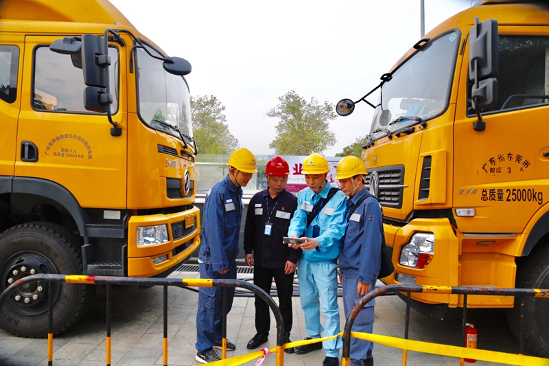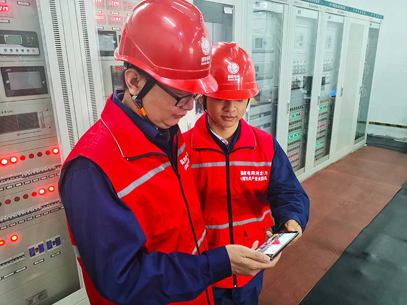 10月1日上午,南方电网广东东莞城区供电局保电工作人员检查完设备后,在工作现场用手机观看直播。图片由南方电网广东东莞城区供电局提供
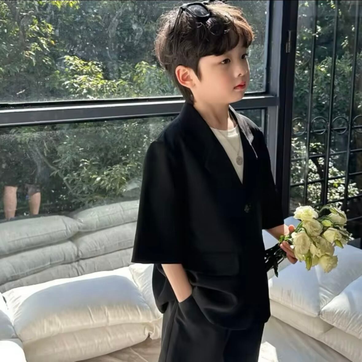 韓国スタイルの半袖シャツとショーツの2ピースセット。
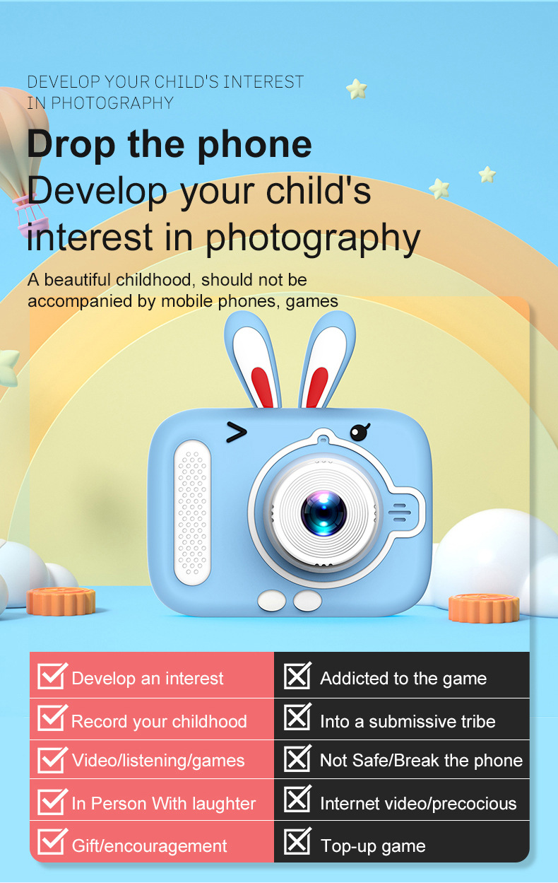 국경 새 어린이 카메라 미니 어린이 작은 SLR 카메라 만화 장난감 디지털 카메라 비디오 레코더
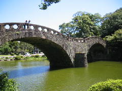 橋の長さ49.25m、幅5.5mの眼鏡橋は、天保10年(1839)に完成しました。諫早市内を流れる本明川に架けられていましたが、河川改修に伴って公園に保存されました。昭和33年(1958年)に国の重要文化財に指定されましたが、その三年後(昭和36年・1961年)に移設保存されたものです。
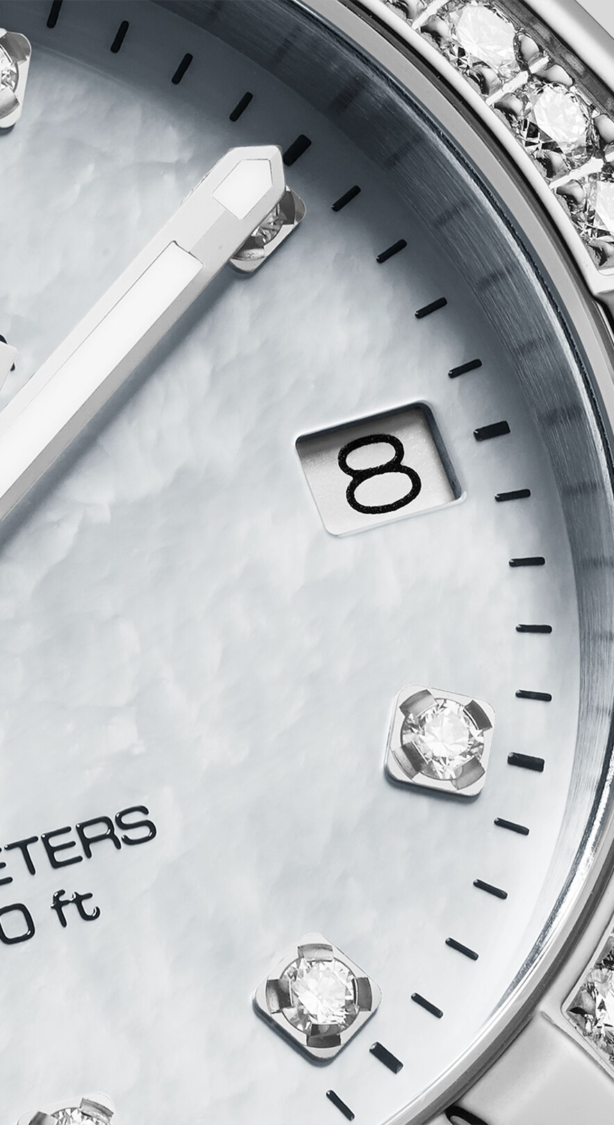 35 diamonds shimmer on the steel unidirectional turning bezel. Another 11 catch the light on the hour markers. Their brilliance is reinforced by the white mother of pearl, giving unique shades to the dial.
• • •
__Aim of the task__
Only an exact copy belongs in the answer: the lines from the one containing "국경 새 어린이 카메라" through the end of the records, both ends included, minus the pictures.

__Answer to this task__
 국경 새 어린이 카메라 미니 어린이 작은 SLR 카메라 만화 장난감 디지털 카메라 비디오 레코더
 橋の長さ49.25m、幅5.5mの眼鏡橋は、天保10年(1839)に完成しました。諫早市内を流れる本明川に架けられていましたが、河川改修に伴って公園に保存されました。昭和33年(1958年)に国の重要文化財に指定されましたが、その三年後(昭和36年・1961年)に移設保存されたものです。
 35 diamonds shimmer on the steel unidirectional turning bezel. Another 11 catch the light on the hour markers. Their brilliance is reinforced by the white mother of pearl, giving unique shades to the dial.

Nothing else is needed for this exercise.